En La perfección de la técnica, cuyo objeto es la edad mecánica moderna, también Jünger piensa como Spengler que la técnica no ahorra trabajo ni, por lo tanto, facilita el ocio. Esta creencia, a su juicio, se halla entre las que fundamentan el progreso técnico como si lo uno se siguiera necesariamente de lo otro, cuando no existe ningún nexo intrínseco entre técnica y ocio. Por otra parte, las máquinas aumentan el trabajo manual al aumentar, y en forma constante, la cantidad del mecánico en la totalidad de la organización técnica. En ella, todo está conectado. No hay, por lo tanto, posibilidad alguna que se incremente el trabajo total sin que lo haga también el de la mano – que ha creado las herramientas – donde aquel no se efectúa mecánicamente. Tampoco el progreso técnico engendra riqueza, en el sentido de posesiones materiales, salvo en el grupo social de los industriales y técnicos, quienes no por eso están exentos de perderlas. La técnica de las máquinas realiza una racionalización del trabajo (producción más veloz y más barata, es decir, una economización según el principio input-output) en espejo con una situación de escasez y, en consecuencia, al fundarse sobre este supuesto, está impedida de abolirla. La ratio técnica reproduce la pobreza porque es consustancial a ella.

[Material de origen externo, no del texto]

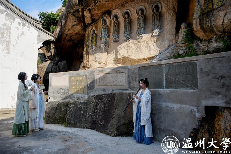 7月11日下午,团队来到温州市龙湾区塘河边永中街道双岙村南山古佛岩上,造像浮雕式,感受双岙村石胜观摩崖造像的宋韵文化。该地现为龙湾区文物保护单位。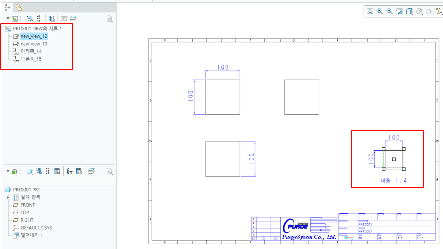 이 때 기본 보기가 1/4 배율의 보기로 인식된 상태라서, 해당 보기의 가로 치수가 100mm로 나간 것이죠.

En realidad, para Jünger, es una ilusión esperar de la organización técnica algo no técnico. Ella crece donde lo no organizado técnicamente decrece y a la inversa. De la misma manera que se regula la caza de ballenas conforme al peligro de la escasez (causado por la técnica), se distribuye la pobreza, con lo cual esta se amplía. La racionalización organizativa del pensamiento técnico, a medida que se expande, no incrementa la riqueza sino la carencia de modo racional, haciéndose así más poderosa y coactiva ante la merma de lo no organizado. Esto implica, su vez, la dilatación de la burocracia administrativa de la organización tecnicista. La racionalización, al aumentar el hambre, acrecienta el consumo que no se confunde con la abundancia, antes bien se relaciona con la indigencia, la necesidad, el trabajo forzado. Las máquinas son ciclopes voraces y entrópicos que gastan más energía que la que engendran, con lo que están imposibilitadas de crear riqueza. Lo único que producen es un consumo permanente, una explotación insaciable de la naturaleza.

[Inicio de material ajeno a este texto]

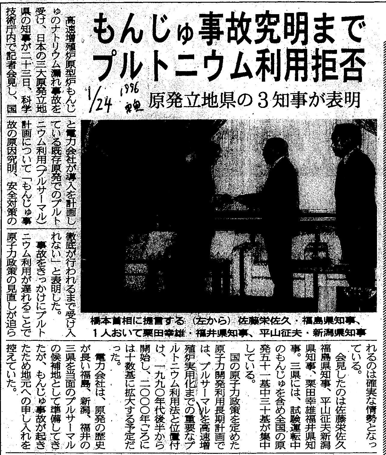 [1996_01_24_01]もんじゅ事故究明まで プルトニウム利用拒否 原発立地県の3知事が表明(東奥日報1996年1月24日)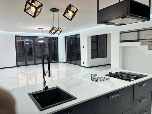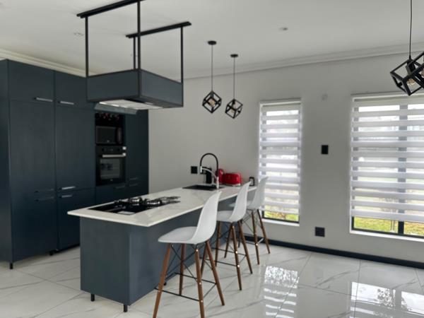 Open plan with shiny porcelain tiles throughout, this home has a functional kitchen with built in fridge, freezer and microwave. Central island with prep bowl and gas and electric hob. Scullery has provision for 3 under counter appliances. Plenty cupboard space. Upstairs has views of the surrounding mountains where the bedrooms are with modern bathrooms and balconies. All finishes of superior quality, aluminium window frames and designer lighting throughout.

Esta voracidad de la mecanización del mundo, desde la época de la máquina a vapor, lleva adelante una devastación de los entes naturales, incluidos los seres humanos. La técnica industrial contamina el agua y el aire, arruina los bosques, mata a los animales y, por eso mismo, requiere que se preserve la naturaleza y se cerque grandes zonas de esta como si fueran museos. La proletarización de las masas en los yacimientos y las fábricas tiene su origen en esa explotación universal de la tierra. El progreso técnico, cuya racionalidad de la escasez también se aplica a la producción de alimentos, ha transformado a estos en dependientes de los procedimientos artificiales. Las máquinas caen también bajo el apetito voraz de la técnica, que consume y da a consumir, ya que luego de un tiempo se vuelven obsoletas, basura. La racionalización, por lo tanto, en vez de crear riqueza, consume la que ya existía y ese modo, al progresar el trabajo racional, aumenta su destrucción. No es que la técnica sirva a la economía sino a la inversa. Esto hace que cada vez más la tecnicidad del trabajo sea más importante que el beneficio económico. Más todavía, el homo faber cree que la naturaleza no reacciona a los métodos técnicos que le impone, cuando lo hace con la misma violencia. Por ello los misterios de Ceres (o Deméter, diosa de la agricultura y la fecundidad) ordenan devolver con sacrificios periódicos aquello que se sustrae a la tierra.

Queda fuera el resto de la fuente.